In this paper, a semantic relationship mining method among genes, disorders, and drugs from different biomedical datasets is presented. Semantic relationship mining across different biomedical datasets was performed to address this problem.

Parkinson’s disease (PD) is a pervasive neurodegenerative disorder that affects approximately 6 million people worldwide. Genes play an essential role in the development of PD. Monogenic forms account for approximately 10% of all PD cases [31], while the other cases are multifactorial. An increasing number of PD loci have been identified [32]. We used PD as a case study and focused on mining the putative and most current disorder-gene-drug relationships of PD from four different biomedical datasets. We addressed some of the current challenges in the field, such as integration with different existing medical datasets and the exploitation of semantic relationship mining in real-case scenarios. This approach transcends the limitations of distributed heterogeneous data sources and results in more complete datasets in such a way that medical researchers can freely access multiple datasets across platforms. This study will impact future translational medical research.


Multisource data integration

The following life science datasets were studied in this paper: SemMedDB, KEGG, Uniprot, and PharmGKB. Different organizations publish these datasets. UMLS Metathesaurus was introduced to solve the morphology and polysemy problems.
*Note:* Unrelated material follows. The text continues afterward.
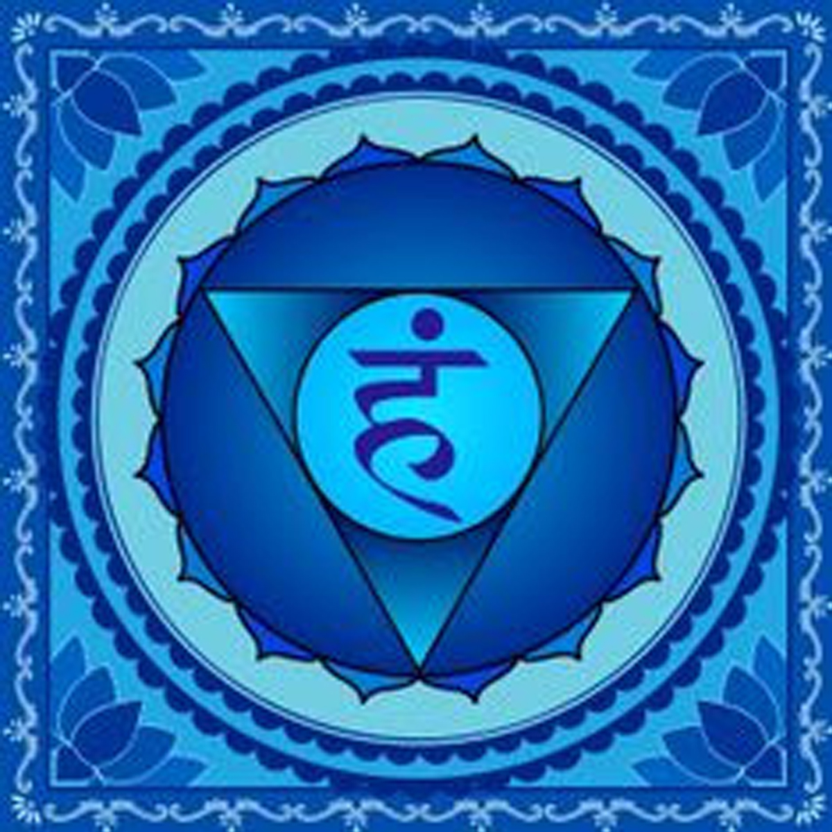Anahata chakra has been portrayed as a lotus with twelve aquamarine colored petals. The shape of its center matches a six pointed star. The downward triangle represents the cosmic energy pouring down and the upward triangle symbolizes the spiritual aspiration. It is a two-dimensional form of the Kabbalistic Merkaba or David’s star. The root syllable related to this chakra is “Yam”.

These datasets contain domain patterns for disorders (disorder), chemicals and drugs (drug) and genes and molecular sequences (gene). Figure 1 shows nine drug-disorder, gene-disorder, and drug-gene relationships.

Fig. 1

Gene-Disorder-Drug Relationships

Before mining, we converted the relational databases (including PharmGKB, KEGG, Uniprot, and SemMedDB) into the RDF data format using the D2R tool [33] to obtain the SemMedRDF, KEGGRDF, UniprotRDF and PharmGKBRDF datasets. We constructed Algorithm I to mine the semantic relationship types between SemMedRDF and other life science linked open data datasets.


Algorithm I is described step by step as follows.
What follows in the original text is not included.